Сколько раз Савва «вытягивал» с этого самого дна, Кулик уже не помнит. Один Савва все помнит – от всех своих войн до всех стычек ради Кулика. Без него Кулик не сидел бы так прочно на своем болоте и не нахваливал бы его на разные голоса. А вот Савва без Кулика, может, подался бы в Москву, где водятся хорошие деньги. С другой стороны, тут, в родном болоте, тише – и черных меньше, и жизнь кажется более прочной.

 И спал Савва крепко, словно проваливался. А теперь – нет для него ни дня, ни ночи. Вот и родное болото – тихий омут. После похорон Ани навалилась соболезнующая тишина, изредка раздираемая криками ее матери. Савва бросил ей пачку денег... так, на помин души. На свечки...

Ничего, попустит. Савва знает, что попустит со временем, но сейчас – убил бы всякого, кто причастен хоть косвенно. Рыщут пацаны по городу – прочесывают все автомастерские – канул в воду тот «опелек», который толкнул ее на перекрестке. Может, в самом деле – с моста да и в реку. Не найдешь концов...

Савва рычит сквозь зубы. Не пьет, только курит без продыху, не бреется, и лицо отдает зеленым.

– Сорок дней бриться не будешь? – ухмыляется Шнур.

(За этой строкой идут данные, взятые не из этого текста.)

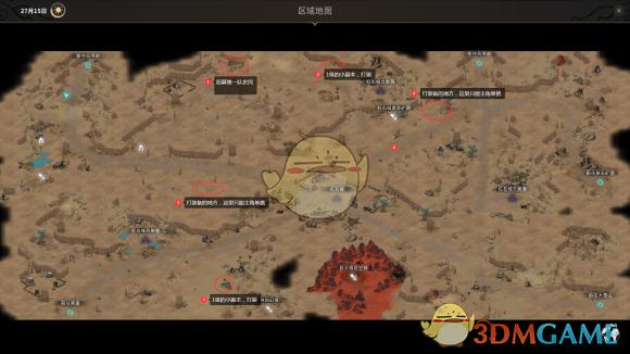 3、②的地方,就是一个小副本,这个时候,你选别打,打路上的强盗来升级,(强盗头上的名字,会变成暗红,这就说明,你打他,99%会赢)然后就这样升级,升到2-3级,就可以去打②的地方。
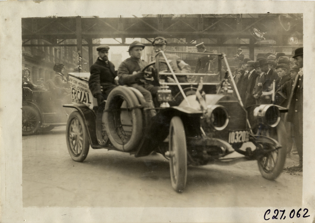 View of motorists posing in car during the 1909 New York to Atlanta Good Roads Tour. Stamped on back: "Photo by Spooner & Wells, Inc. 1931 Broadway, N.Y." Handwritten on back: "Tours--New York-Atlanta Good Roads Tour, 1909."
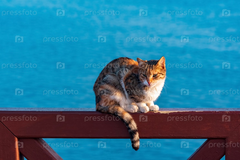 Кот сидит на заборе на фоне моря

– Я не чурка кавказский...

Шнур близко к сердцу не берет, но и сам с ребятами побегал. Ничего. Глухо. И странно, что глухо.

– Не пойму, – говорит Савва сквозь зубы. – Словно город вымер. Повыздохли все что ли? Молчат.

– Молчат суки, – соглашается Шнур. – Значит, не знают, Савва. Заезжий, может, какой. Случайно...

– Про случайности мне не говори. Я в случайности не верю.

Но результат один – глухо. Пусто. Холодно. Занесло ее могилу первым снегом.

– Оставь это. Пусть уляжется. Может, потом как-то. Месть – это блюдо, которое...

– Заткнись! – обрывает Шнура Савва. – Сходи в казино лучше, проветри карманы.

А сам падает головой на руль. Бредово. Савва не гангстер по натуре, скорее – безропотный служака, профессиональный военный радио-электронщик. Он и сейчас может телик починить – на раз-два-три. И воевал он – не от переизбытка адреналина в крови, а от недостатка денег в кармане. Гонялся по миру за длинным рублем. Поймал его за хвост, было...

Вернулся в тридцать лет – строить мирную, послевоенную жизнь в столице нашей родины. А строить-то не на  чем – город разворован, прошит коррупцией и беззаконием. Все живут, ничего, мирятся. И Савва телеателье открыл – принялся телики чинить, чтобы не терять навыков.

А потом – как повестка пришла. Явился в ателье один человечек с допотопным ящиком в руках.

– Агрегат не посмотришь?

Савва зарылся с головой в старый, пыльный телевизор. И вдруг слышит в глубине, в самом сердце – пульс. А мужик стоит и улыбается.

Савва смахнул нафиг всю паутину, оборвал провод – и тиканье затихло. Мужик забрал назад свою коробку.

– Мы знали, что ты не разучился. Бросай этот хлам, Савва. Помоги немного честным мафиози.

Оказалось – один из подручных Кулика, ныне уже покойный, царство ему небесное. Он и свел его со Шнуром, одним из силовиков большого босса. Так Савва и попал в структуру – напрямую, минуя обходные пути. Шнур первым руку протянул.

– Давай, брат. Слышал о тебе.

И Кулик тоже кивнул.

– Здесь и жизнь, и твоя ставка зависят от тебя самого. Хочешь себе премию – возьми ее. Тут все просто.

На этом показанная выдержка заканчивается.